**What you should do**. Nothing after the line with "올려 주신 도면에서 드레스룸 왼쪽벽(외벽)인가요?" belongs in the copy; extract the lines below from the top through that line, pictures left out.

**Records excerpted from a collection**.
------------------------------------------------------------------------

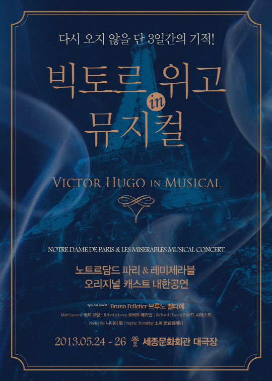 뮤지컬 '노트르담 드 파리'와 '레미제라블'의 오리지널 배우들이 서는 무대가 열린다. 오는 5월 25, 26일 이틀간 세종문화회관 대극장에서 펼쳐지는 '빅토르 위고 in 뮤지컬'.
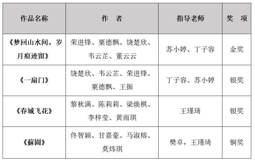 1 获奖作品及奖项信息
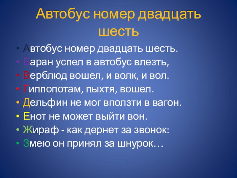 Слайд 10Автобус номер двадцать шесть
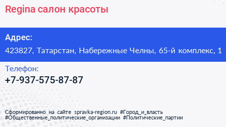 Regina, салон красоты по адресу 423827, Татарстан, Набережные Челны, 65-й комплекс, 1 в дальнейшем Организация, размещена в следующих категориях:
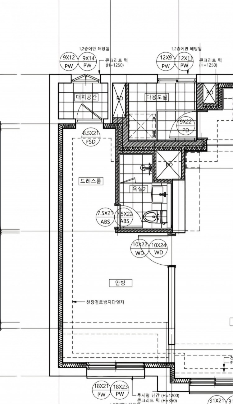 올려 주신 도면에서 드레스룸 왼쪽벽(외벽)인가요?
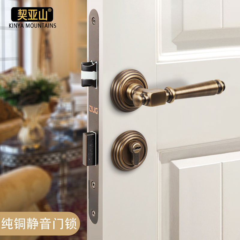 Chia Mountain full copper mute feel comfortable Loft modern minimalist indoor house door American primary-secondary two-piece door lock
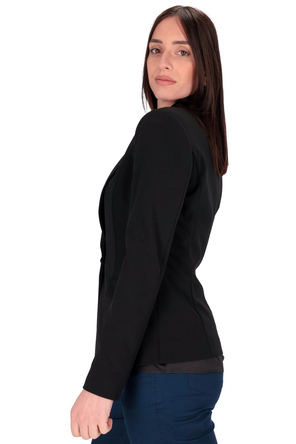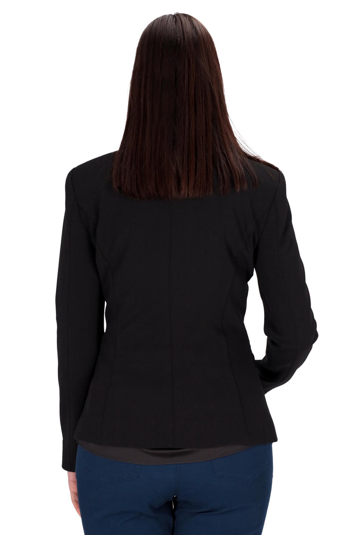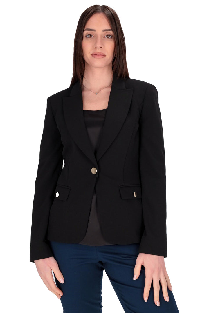 Full Milano-knit single-breasted crepe jersey blazer. The slim-fit model boasts peak lapels, welt pockets and metal button detail. Partially lined model.
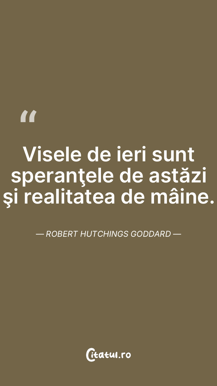 Visele de ieri sunt speranţele de astăzi şi realitatea de mâine. Robert Hutchings Goddard

------------------------------------------------------------------------

**Answer box**.
 뮤지컬 '노트르담 드 파리'와 '레미제라블'의 오리지널 배우들이 서는 무대가 열린다. 오는 5월 25, 26일 이틀간 세종문화회관 대극장에서 펼쳐지는 '빅토르 위고 in 뮤지컬'.
 1 获奖作品及奖项信息
 Слайд 10Автобус номер двадцать шесть
 Regina, салон красоты по адресу 423827, Татарстан, Набережные Челны, 65-й комплекс, 1 в дальнейшем Организация, размещена в следующих категориях:
 올려 주신 도면에서 드레스룸 왼쪽벽(외벽)인가요?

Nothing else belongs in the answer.